Finding 1: In 17/103 crash recovery bugs, in-memory data are not backed up, or backups are not properly managed.

Finding 2: In 18/103 crash recovery bugs, crashes and reboots are not detected or not timely detected. (E.g., when a node crashes, some other relevant nodes may access the crash node without perceiving that the node has crashed, and they may then hang or throw errors. Or, if a crash node reboots very quickly, then the crash may be overlooked by the crash detection component based on timeout. Thus, the crash node may contain corrupted states, and the system has nodes whose state is out-of-synch, violating invariants.)

Finding 3: In 17/103 crash recovery bugs, the states after crashes/reboots are incorrectly identified. (E.g., the recovery process mistakenly considers wrong states as incorrect: the node may think it is still the leader after recovery.)

Finding 4: The states after crashes/reboots are incorrectly recovered in 29/103 crash recovery bugs. Among them, 14 bugs are caused by no handling or untimely handling of certain leftovers.

Finding 5: The concurrency caused by crash recovery processes is responsible for 22/103 crash recovery bugs. (Concurrency between a recovery process and a normal execution amounts to 13 bugs, concurrency between two recovery processes amount to 4 bugs, and concurrency within one recovery process amounts to 5 bugs.)

Finding 6: All the seven recovery components in our crash recovery model can be incorrect and introduce bugs. About one third of bugs are caused in crash handling component. (Overall, the crash handling component is the most error-prone (34%). The next top three components, backing up (19%), local recovery (17%) and crash detection (13%) also occupy a large portion.)

Finding 7: In 15/103 crash recovery bugs, new relevant crashes occur on/during the crash recovery process, and thus trigger failures.


So it seems that for 85 out of 103 bugs (excluding the 17 bugs from Finding 1) state-inconsistency across nodes is the culprit.

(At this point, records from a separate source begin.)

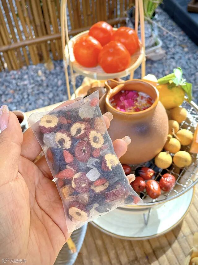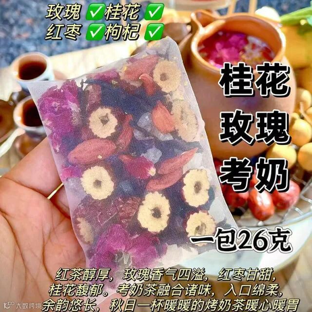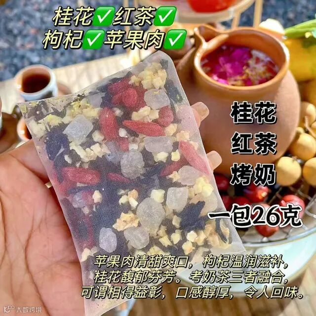 精选玫瑰、桂花、红枣、红茶、绿茶和水果粒
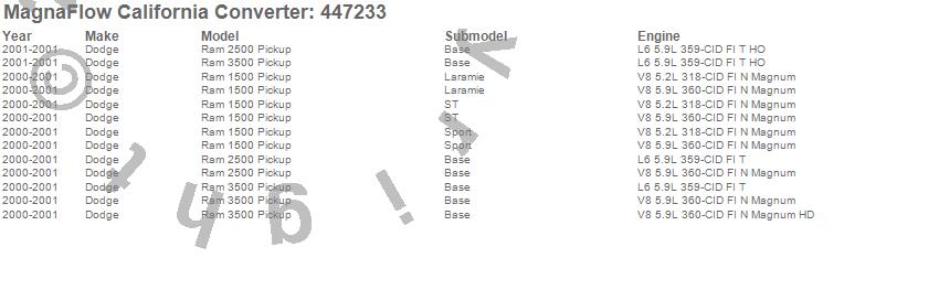 Below is an abreviated list of applications for the Direct Fit California Catalytic Converter.
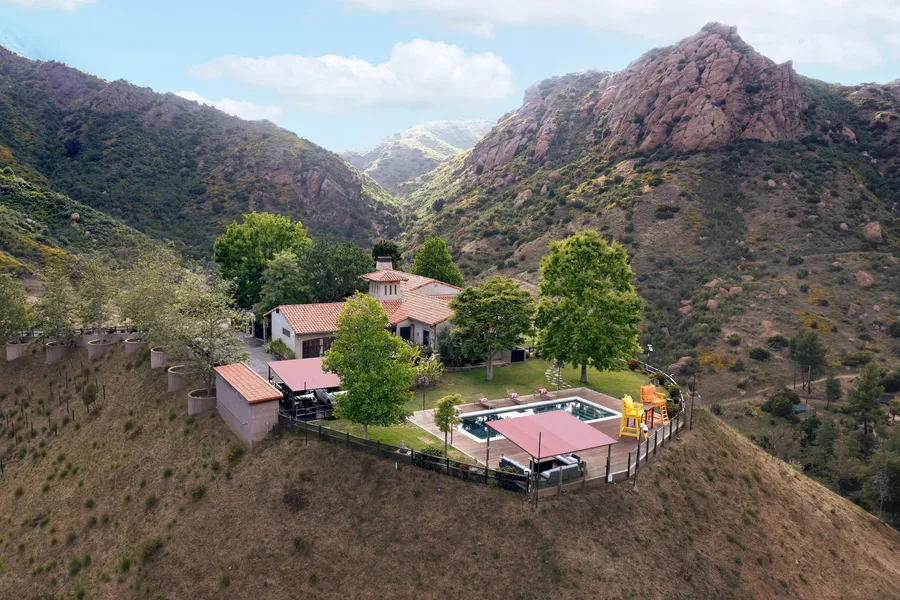 NOW AVAILABLE FOR QUICK CLOSING! Perched atop your very own mountain, this breathtaking single-story Spanish-style estate offers unparalleled 360° panoramic views. Encompassing approximately 18 acres in the serene Lobo Canyon of the Santa Monica Mountains, this property borders open space and a National Park, ensuring absolute privacy and tranquility. Enjoy spectacular, uninterrupted views of mountains and rock formations from every angle of this magnificent estate. The great room is a masterpiece with true harvested barn wood floors, exposed beams, and multiple French doors that open to the stunning surroundings. The estate includes approximately 3,700 square feet of open living space with 4 spacious bedrooms and 4 beautifully appointed bathrooms. A winding driveway leads to a gated courtyard adorned with custom tiles, setting the tone for the bespoke touches that abound throughout the property. Perfect for entertaining, the property boasts a pool with views, additional pads for a barn, potential vineyards or orchards, and ample space for solar panels. Recent improvements include triple-pane windows, a new septic system, WiFi connectivity, and a comprehensive multiple-camera security system. This trophy property is ideal for the discerning buyer seeking a private retreat with epic views and luxury. Whether you choose to make it your weekend getaway or primary residence, this unique property offers endless possibilities for enjoyment and relaxation. Don't miss this rare opportunity to own a piece of paradise in the Santa Monica Mountains. Escape the city and schedule your private tour today!

I don't want to be the guy who always plugs "invariant-based design" but, come on... Invariant-based design is what we need here to prevent the problems that arose from operational reasoning. In operational reasoning, you start with a "happy path", and then you try to figure out "what could go wrong?" and how to prevent them. Of course, you always fall short in that enumeration of problem scenarios and overlook corner cases, race conditions, and cascading failures. In contrast, invariant-based reasoning focuses on "what needs to go right?" and how to ensure this properties as invariants of your system at all times. Invariant-based reasoning takes a principled state-based rather than operation/execution-based view of your system. To attain invariant-based reasoning, we specify safety and liveness properties for our models. Safety properties specify "what the system is allowed to do" and ensures "nothing bad happens". For example, at all times, all committed data is present and correct. Liveness properties specify "what the system should eventually do" and ensures "something good eventually happens". For example, whenever the system receives a request, it must eventually respond to that request.

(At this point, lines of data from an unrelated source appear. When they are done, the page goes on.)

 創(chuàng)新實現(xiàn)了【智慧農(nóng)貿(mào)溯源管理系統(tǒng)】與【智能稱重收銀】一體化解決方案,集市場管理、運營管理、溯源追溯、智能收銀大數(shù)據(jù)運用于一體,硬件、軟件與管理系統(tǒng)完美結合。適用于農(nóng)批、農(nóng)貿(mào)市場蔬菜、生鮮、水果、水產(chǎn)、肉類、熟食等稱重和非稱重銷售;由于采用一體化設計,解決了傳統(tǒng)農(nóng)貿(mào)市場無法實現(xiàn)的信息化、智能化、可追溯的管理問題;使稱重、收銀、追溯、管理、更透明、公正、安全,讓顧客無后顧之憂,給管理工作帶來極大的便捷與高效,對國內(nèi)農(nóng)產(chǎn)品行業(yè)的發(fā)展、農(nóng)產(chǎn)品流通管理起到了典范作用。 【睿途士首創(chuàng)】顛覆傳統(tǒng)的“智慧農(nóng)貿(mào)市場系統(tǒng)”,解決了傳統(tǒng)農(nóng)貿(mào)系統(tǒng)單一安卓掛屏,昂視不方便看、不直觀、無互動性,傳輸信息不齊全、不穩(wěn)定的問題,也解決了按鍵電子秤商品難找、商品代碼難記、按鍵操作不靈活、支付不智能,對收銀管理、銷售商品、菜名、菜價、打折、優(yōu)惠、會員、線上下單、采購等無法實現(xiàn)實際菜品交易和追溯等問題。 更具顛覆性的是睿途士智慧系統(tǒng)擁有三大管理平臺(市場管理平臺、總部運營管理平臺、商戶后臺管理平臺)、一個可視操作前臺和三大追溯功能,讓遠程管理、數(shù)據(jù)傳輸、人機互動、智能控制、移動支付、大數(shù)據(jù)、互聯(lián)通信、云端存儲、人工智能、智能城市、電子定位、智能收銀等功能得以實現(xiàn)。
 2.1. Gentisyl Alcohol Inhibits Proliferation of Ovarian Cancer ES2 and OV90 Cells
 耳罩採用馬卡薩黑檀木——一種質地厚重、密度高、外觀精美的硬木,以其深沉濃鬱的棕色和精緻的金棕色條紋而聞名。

Here is another argument for using invariant-based design, and as an  example, you can check my post on the two-phase commit protocol.

Triggering conditions

Finding 8: Almost all (97%) crash recovery bugs involve four nodes or fewer.

Finding 9: No more than three crashes can trigger almost all (99%) crash recovery bugs. No more than one reboot can trigger 87% of the bugs. In total, a combination of no more than three crashes and no more than one reboot can trigger 87% (90 out of 103) of the bugs.

Finding 10: 63% of crash recovery bugs require at least one client request, but 92% of the bugs require no more than 3 user requests.

Finding 11: 38% of crash recovery bugs require complicated input conditions, e.g., special configurations or background services.

Finding 12: The timing of crashes/reboots is important for reproducing crash recovery bugs.

Bug impact

Finding 13: Crash recovery bugs always have severe impacts on reliability and availability of distributed systems. 38% of the bugs can cause node downtimes, including cluster out of service and unavailable nodes.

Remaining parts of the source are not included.